What is required =
The listing below should be written out word for word, with its pictures removed.

Data below =
:::::

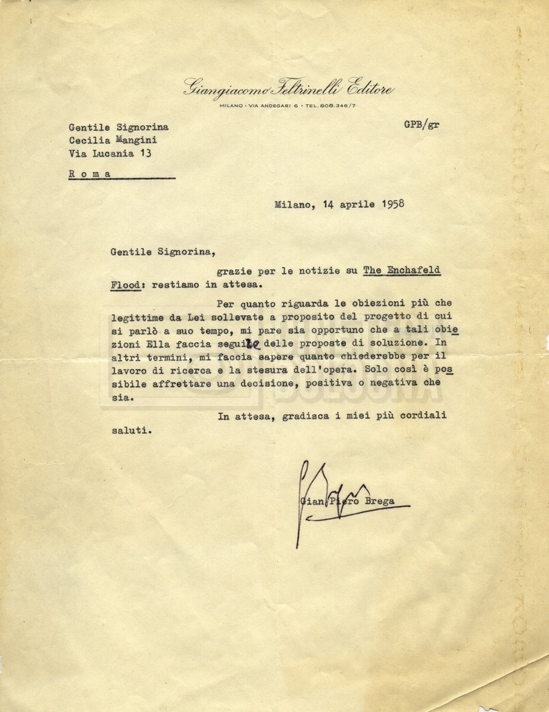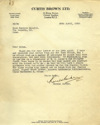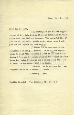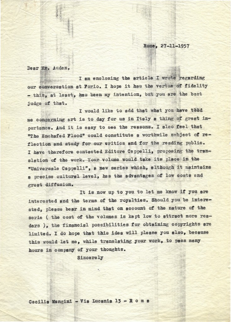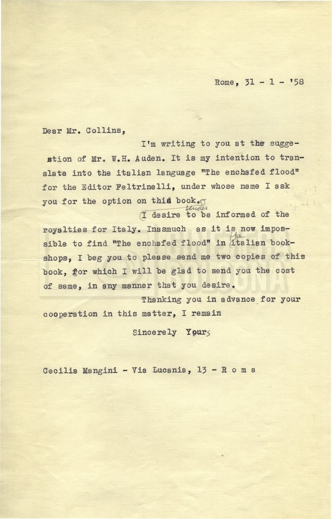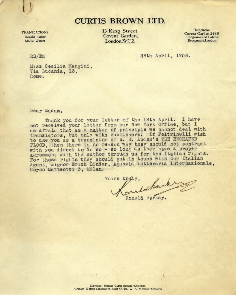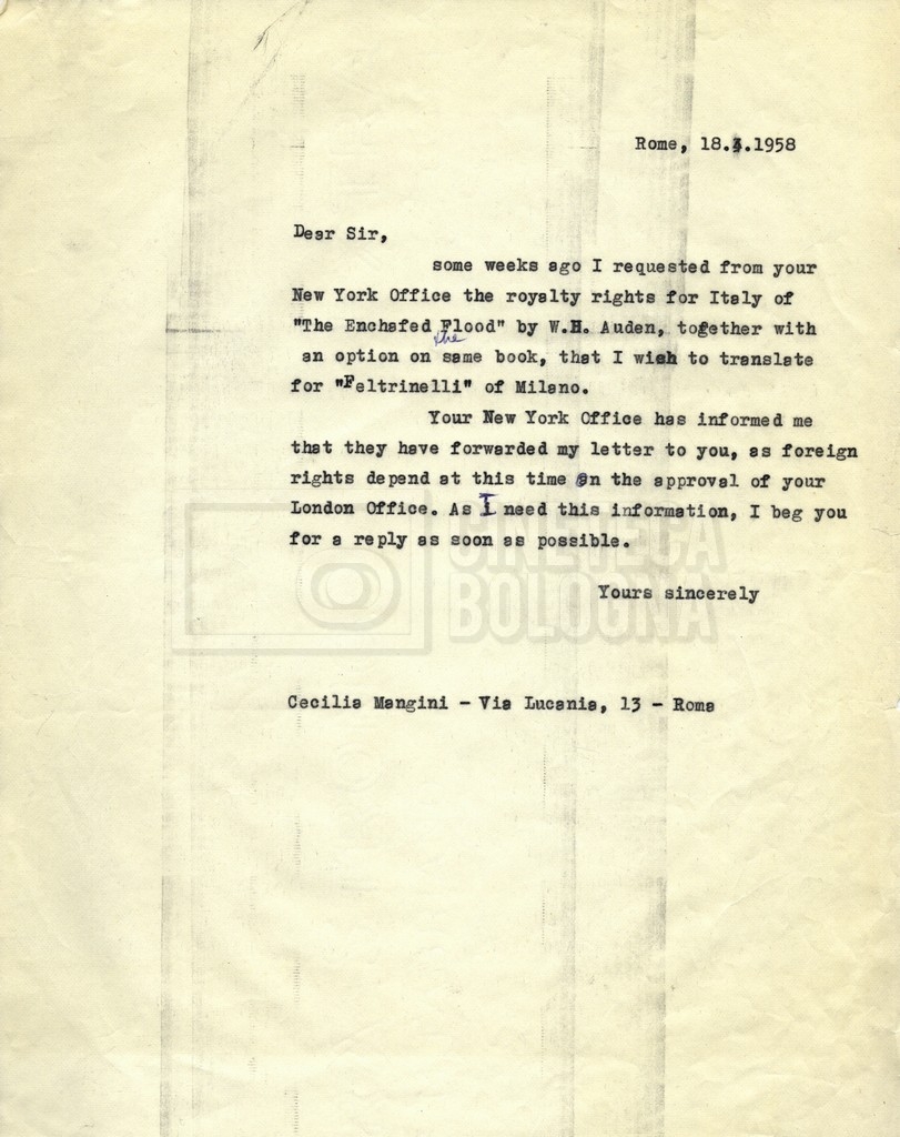 – Carteggio tra Cecilia Mangini, l’agenzia letteraria Curtis Brown e la casa editrice Feltrinelli per la traduzione di The enchafèd flood di W. H. Auden.
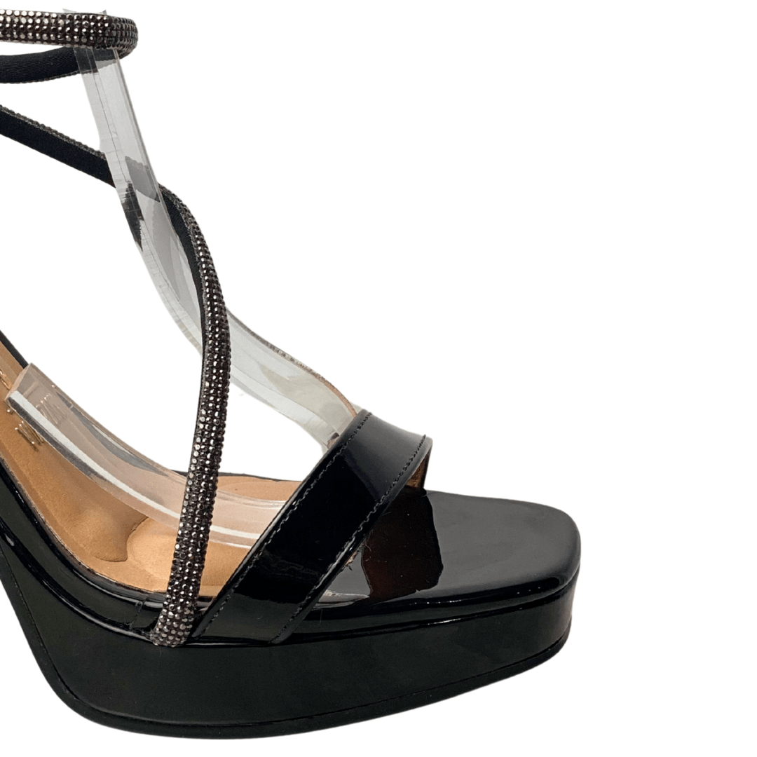 Com certeza! O verniz preto e as tiras cravejadas trazem elegância e sofisticação. -
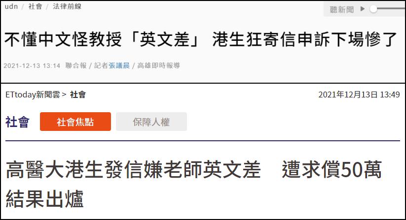 台媒報道截圖 綜合台灣“聯合新聞網”和“ETtoday新聞雲”13日報道,高雄地方法院的判決指出,就讀台灣高雄醫學大學心理系研究所的芮姓研究生,選修了蘇姓助理教授開設的“心理衡鑒專題研究”和“咨商與心理治療實務專題研究”兩門課,蘇姓助理教授在課堂用中文授課,芮姓學生稱難理解上課內容,於是就課堂內容向學校學生申訴評議委員會申訴,指控蘇姓助理教授“英文能力不佳”。 然而芮姓研究生申訴完後,認為上課環境沒有改善,2019年7月10日起,開始給校長、教務長、蘇姓助理教授等人連發多封電子郵件,稱“本人因未能聯絡蘇文碩博士,我已發超過100封電郵及提醒了他超過22次”、“我希望教務處能幫助聯絡蘇文碩博士,也可以還蘇博士一個清白的機會”。 在郵件中,芮姓研究生不僅稱蘇姓助理教授“英文程度低”“Poor English”,給蘇姓助理教授的郵件中還直接嗆“你的英文很爛”,並諷刺稱:“如果你不懂英文,這一句我寫中文給你……” 芮姓研究生除了將郵件發給校長等人外,郵件副本還抄送給校內其他學院院長、教授及行政人員等,超過百人。

:::::

Response box =
 – Carteggio tra Cecilia Mangini, l’agenzia letteraria Curtis Brown e la casa editrice Feltrinelli per la traduzione di The enchafèd flood di W. H. Auden.
 Com certeza! O verniz preto e as tiras cravejadas trazem elegância e sofisticação. -
 台媒報道截圖 綜合台灣“聯合新聞網”和“ETtoday新聞雲”13日報道,高雄地方法院的判決指出,就讀台灣高雄醫學大學心理系研究所的芮姓研究生,選修了蘇姓助理教授開設的“心理衡鑒專題研究”和“咨商與心理治療實務專題研究”兩門課,蘇姓助理教授在課堂用中文授課,芮姓學生稱難理解上課內容,於是就課堂內容向學校學生申訴評議委員會申訴,指控蘇姓助理教授“英文能力不佳”。 然而芮姓研究生申訴完後,認為上課環境沒有改善,2019年7月10日起,開始給校長、教務長、蘇姓助理教授等人連發多封電子郵件,稱“本人因未能聯絡蘇文碩博士,我已發超過100封電郵及提醒了他超過22次”、“我希望教務處能幫助聯絡蘇文碩博士,也可以還蘇博士一個清白的機會”。 在郵件中,芮姓研究生不僅稱蘇姓助理教授“英文程度低”“Poor English”,給蘇姓助理教授的郵件中還直接嗆“你的英文很爛”,並諷刺稱:“如果你不懂英文,這一句我寫中文給你……” 芮姓研究生除了將郵件發給校長等人外,郵件副本還抄送給校內其他學院院長、教授及行政人員等,超過百人。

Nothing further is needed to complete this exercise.